[Your assignment]: Repeat the data word for word, excluding every picture.

[Information shown]:
--

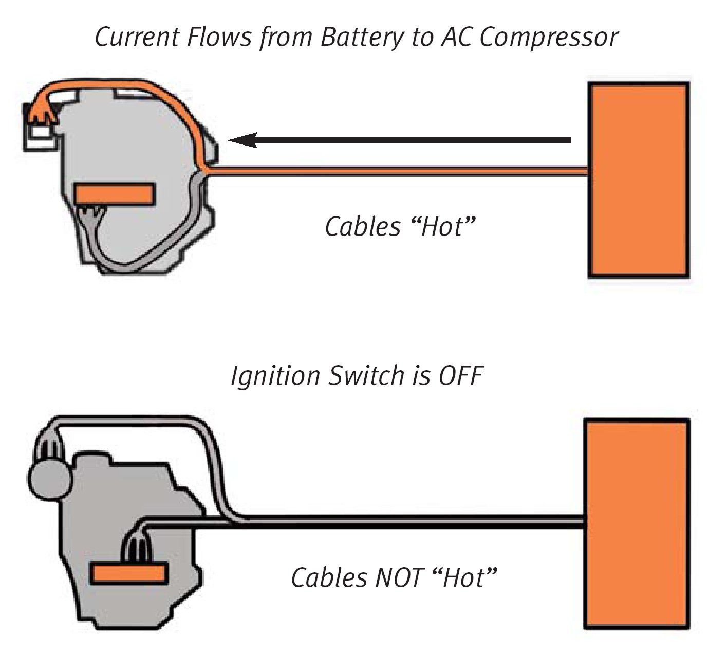 The only condition common to all three situations in which the cables can be hot is that the ignition is on. Therefore: When the ignition switch is off, electric current cannot flow into the high-voltage cables.
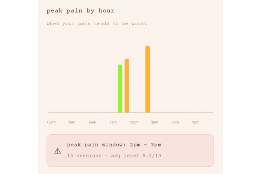 mindful logging: Easily log or edit manual pain sessions and menstrual cycles. Track start and end times, peak pain levels (1-10), specific symptoms (cramping, fatigue, nausea), private journal notes, and menstrual flow.
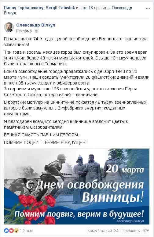 У Facebook на правах реклами шириться допис нардепа Олександра Вілкула, в якому він вітає з 74-ою річницею визволення Вінниці від фашистських загарбників. Колишній віце-прем’єр та соратник біглого президента Віктора Януковича пригадує енциклопедичні деталі окупації області та міста та кількість загиблих.

--

[Completed exercise]:
 The only condition common to all three situations in which the cables can be hot is that the ignition is on. Therefore: When the ignition switch is off, electric current cannot flow into the high-voltage cables.
 mindful logging: Easily log or edit manual pain sessions and menstrual cycles. Track start and end times, peak pain levels (1-10), specific symptoms (cramping, fatigue, nausea), private journal notes, and menstrual flow.
 У Facebook на правах реклами шириться допис нардепа Олександра Вілкула, в якому він вітає з 74-ою річницею визволення Вінниці від фашистських загарбників. Колишній віце-прем’єр та соратник біглого президента Віктора Януковича пригадує енциклопедичні деталі окупації області та міста та кількість загиблих.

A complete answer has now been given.